What is a Root Canal?
The dreaded root canal. Root canals are one of the reasons patients are intimidated by a visit to the dentist’s office. Our first order of business is to ensure that our patients are at-ease about the procedure. While many people may believe that a root canal treatment is painful, most people actually describe the procedure as no more painful than having a filling placed. The discomfort that most people talk about is actually felt in the period leading up to seeking dental care!
Some common signs that you may need a root canal include:
- Severe tooth pain upon chewing
- Sensitivity to hot or cold temperatures
- Darkening of the tooth
- Swelling and tenderness of nearby gums
- A sore on the gums
Ignoring these signs or symptoms can be detrimental to your oral health, and may lead to further complications including increased pain or an abscessed tooth, or even tooth loss. The sooner we are able to address the issue, the greater chance we have for success. If you are unsure about any of the symptoms you’re experiencing, please contact us for a consultation.
When Would Someone Need a Root Canal?
When the pulp of the tooth, which is made up of nerves and blood vessels, becomes infected or damaged, a root canal is necessary. When this dental pulp is damaged, it begins to break down and bacteria begin to grow within the pulp chamber. These bacteria can lead to infection or an abscess, which is a pus-filled pocket that forms at the end of a tooth’s root.
There is a spectrum from which the nerve tissue is damaged so much, that it is no longer able to heal, and this tissue becomes necrotic.
During root canal therapy, the pulp from the tooth is removed, and the inside of the tooth is cleaned and sealed.
See what we mean by an ounce of prevention is a pound of cure?
What to Expect During a Root Canal
During a root canal, the tooth is anesthetized in the same manner as when a cavity is filled. The anesthetization means that the root canal procedure should be painless.
Treatment will typically be completed in one or two appointments based on the health of the pulpal tissue. The inflamed or infected pulp is removed and the inside of the tooth is carefully cleaned and disinfected, then filled and sealed with a rubber-like material called gutta-percha. If your tooth was severely infected, we will opt to place medication in your canals before completing the root canal to effectively decontaminate & disinfect the tooth involved. A temporary filling will be used in between treatments to keep the area sterile. The height of the tooth is reduced so that this new tooth is not an active player in the bite.
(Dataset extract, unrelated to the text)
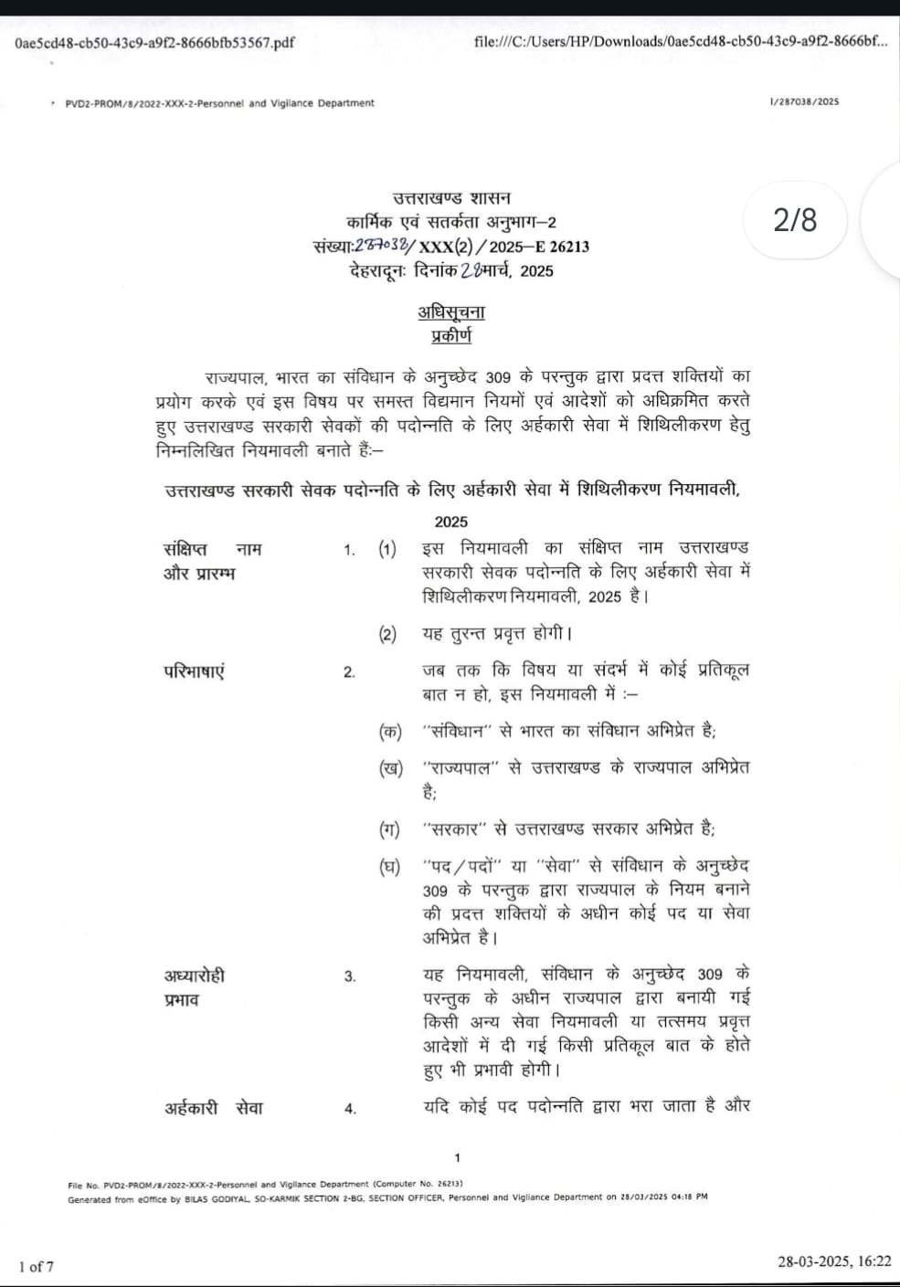 देहरादून। राज्य कर्मचारी संयुक्त परिषद उत्तराखंड द्वारा राज्य कार्मिकों को पदोन्नति में शिथिलीकरण का लाभ दिए जाने की नई नियमावली का शासनादेश जारी किए जाने पर राज्य सरकार एवं शासन के शीर्ष अधिकारियों का हार्दिक आभार व्यक्त किया गया है । विदित है कि विगत 3 मार्च को हुई राज्य कैबिनेट की बैठक में राज्य कर्मचारी संयुक्त परिषद की इस अतिमहत्वपूर्ण मांग – राज्य कार्मिकों को पदोन्नति में शिथिलीकरण के प्रस्ताव को मंजूरी मिल गई थी
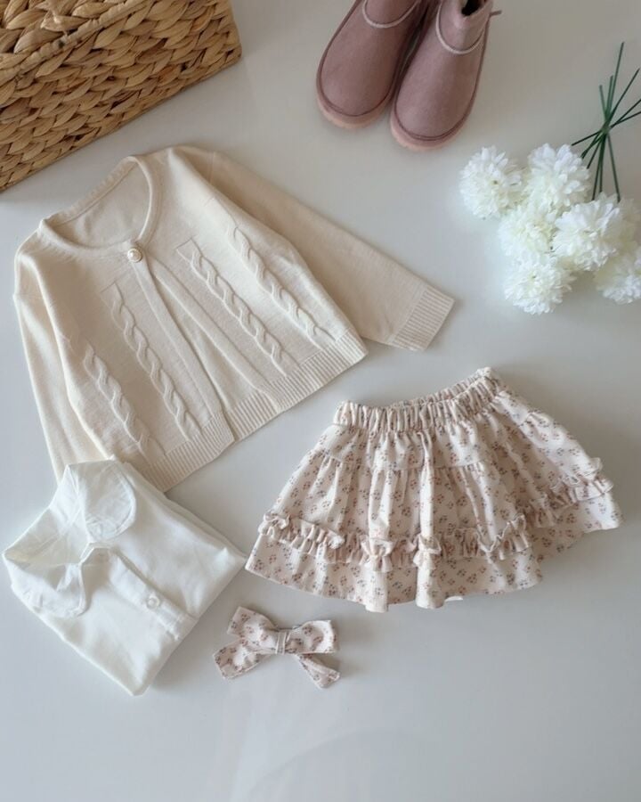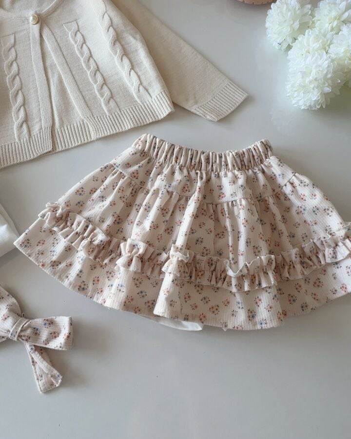 Şort Etekli Pıtır Çiçekli 3'lü Etekli Takım - Krem

With proper care, most teeth that have undergone a root canal treatment can last a lifetime!
After your Root Canal
Afterwards, the tooth is restored with a crown or filling for protection and will continue to function like any other tooth. You may experience pain & tenderness for a few days after the procedure is completed and should avoid chewing on that side of your mouth for a couple of days or until any tenderness has subsided. It’s important to remember that teeth with root canal therapy have a higher percentage of fracture. Airing on the side of caution with hard & crunchy foods is advised.